[[ SUPPLIED RECORDS open ]]

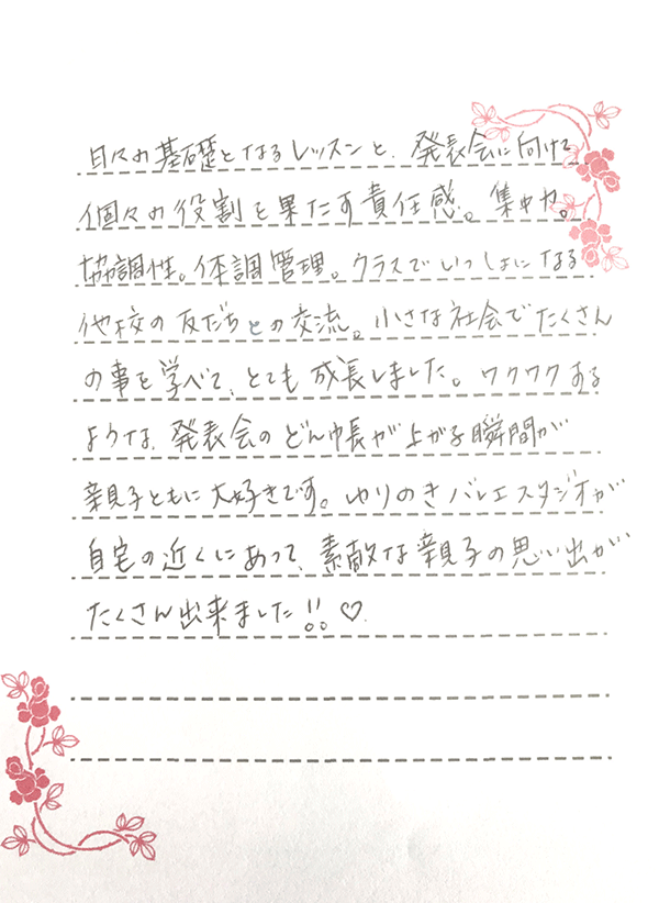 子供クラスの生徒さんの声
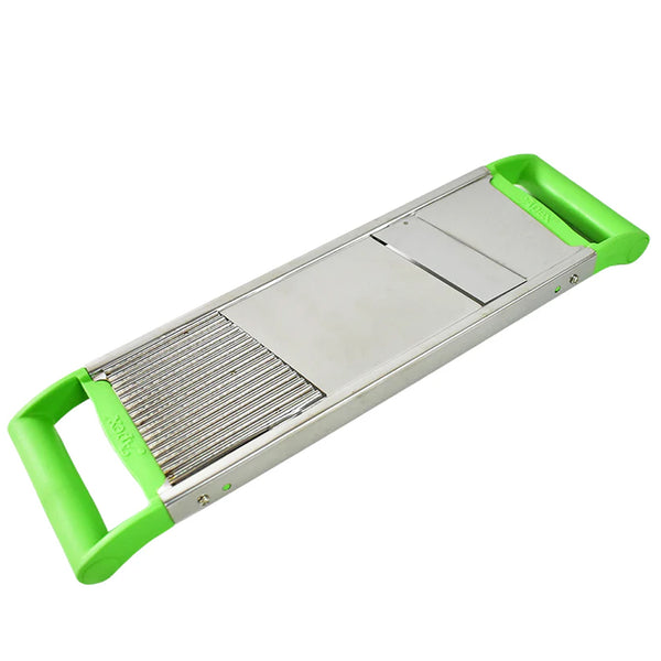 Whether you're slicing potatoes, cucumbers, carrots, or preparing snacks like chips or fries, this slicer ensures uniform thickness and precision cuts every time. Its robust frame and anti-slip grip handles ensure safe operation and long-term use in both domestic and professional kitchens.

[[ SUPPLIED RECORDS closed ]]
[[ SUPPLIED RECORDS open ]]

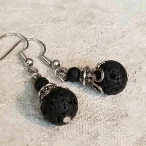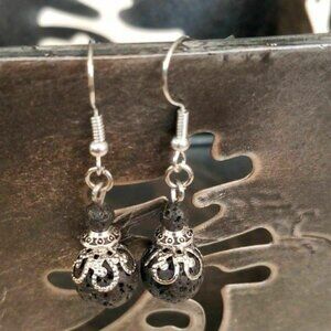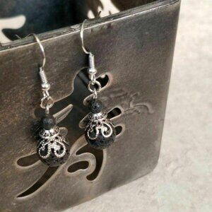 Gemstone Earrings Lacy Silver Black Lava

[[ SUPPLIED RECORDS closed ]]

▶ YOUR ASSIGNMENT
Your task is to copy only the lines above starting at the one containing "子供クラスの生徒さんの声" and ending at the one containing "Whether you're slicing". Copy them exactly, both ends included, and omit the pictures.

▶ SOLUTION TO THIS EXERCISE
 子供クラスの生徒さんの声
 Whether you're slicing potatoes, cucumbers, carrots, or preparing snacks like chips or fries, this slicer ensures uniform thickness and precision cuts every time. Its robust frame and anti-slip grip handles ensure safe operation and long-term use in both domestic and professional kitchens.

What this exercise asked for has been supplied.